**WHAT YOU ARE ASKED TO DO:** For this exercise, return only the lines in the records below from the one holding "A Set of Nine" through the one holding "锡达开塞露20ml 盒含甘油便秘儿童官方旗舰店成人通便用批发 20支", including both, exactly as they appear and without pictures.
BEGIN MATERIAL SHOWN
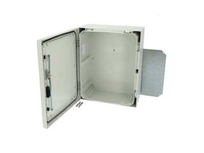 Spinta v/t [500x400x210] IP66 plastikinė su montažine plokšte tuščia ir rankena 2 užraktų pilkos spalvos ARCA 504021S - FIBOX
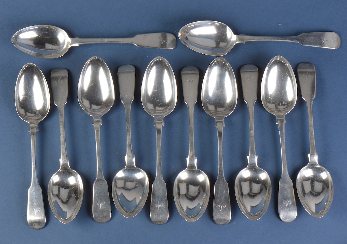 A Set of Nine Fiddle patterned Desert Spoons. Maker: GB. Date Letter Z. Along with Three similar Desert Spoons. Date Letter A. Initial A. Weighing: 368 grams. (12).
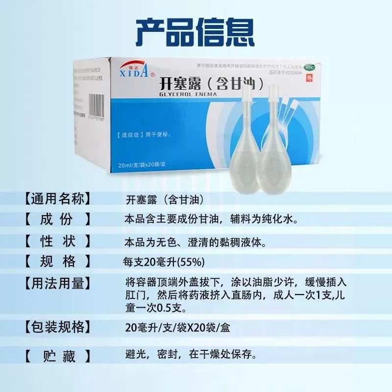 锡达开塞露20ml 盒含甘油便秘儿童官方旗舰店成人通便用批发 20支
END MATERIAL SHOWN
BEGIN MATERIAL SHOWN
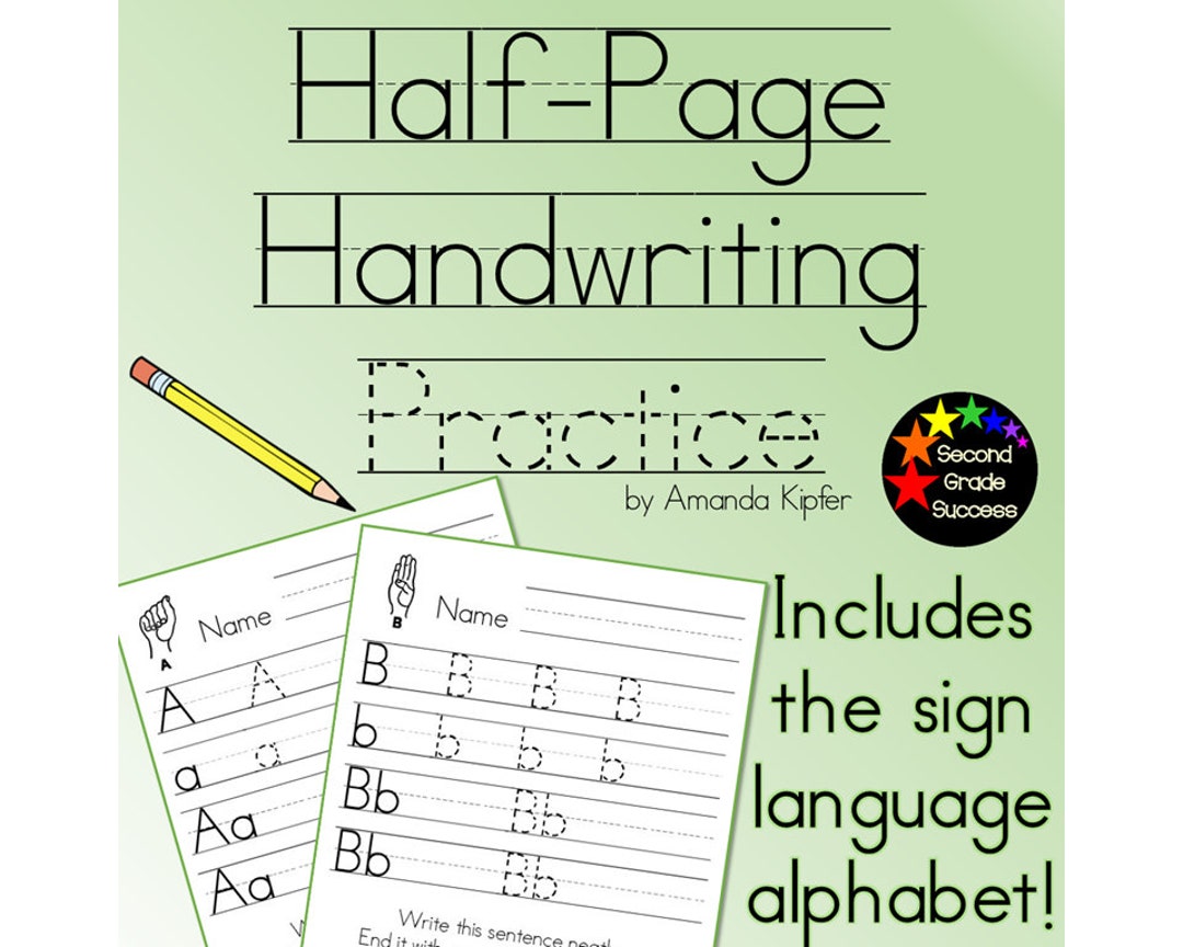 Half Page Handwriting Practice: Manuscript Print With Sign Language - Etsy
END MATERIAL SHOWN
**RESPONSE TO THIS EXERCISE:**
 A Set of Nine Fiddle patterned Desert Spoons. Maker: GB. Date Letter Z. Along with Three similar Desert Spoons. Date Letter A. Initial A. Weighing: 368 grams. (12).
 锡达开塞露20ml 盒含甘油便秘儿童官方旗舰店成人通便用批发 20支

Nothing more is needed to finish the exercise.